Instruction: "Could you make coffee?"

Abstract

In this study, we develop a mobile service robot that retrieves and transports everyday objects based on free-form instructions that may refer to both visual features and scene text. Our approach focuses on retrieving relevant images of target objects from a set of pre-collected images in diverse environments. This task is challenging because it requires not only an understanding of the visual features and spatial relationships of objects, but also the ability to interpret scene text embedded in the environment.

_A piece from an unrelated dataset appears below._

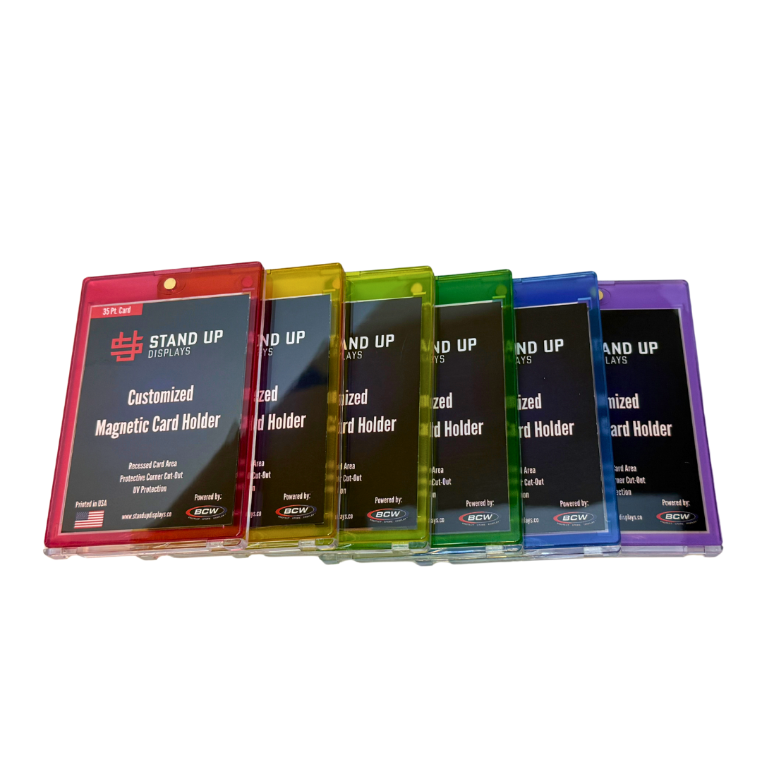 Our custom stands will display your cards, coins, tickets, packs, and more!

To address this, we propose Scene Text-Aware Retrieval-Augumented Generation for Everyday Objects (STARE), which leverages both visual and textual cues in response to free-form instructions. STARE introduces Crosslingual Visual Prompts to enhance scene text interpretation, and models the complex relationships between named entities in the instructions and their corresponding objects.

We evaluated STARE using two novel benchmarks, GoGetIt and TextCaps-test, both of which consist of real-world indoor/outdoor images and instructions. The results show that STARE outperformed all baseline methods on standard multimodal retrieval metrics. Furthermore, we conducted physical experiments in a zero-shot transfer setting and achieved an overall success rate exceeding 80%.

Overview

We address the task of retrieving relevant images from a pre-collected dataset based on free-form natural language instructions for object manipulation or navigation. We define this task as Scene Text Aware Multimodal Retrieval (STMR), where the retrieved images may or may not contain scene text.

Fig. 1: Typical sample of STMR task. STARE retrieves target objects based on free-form language instructions using scene text and visual context.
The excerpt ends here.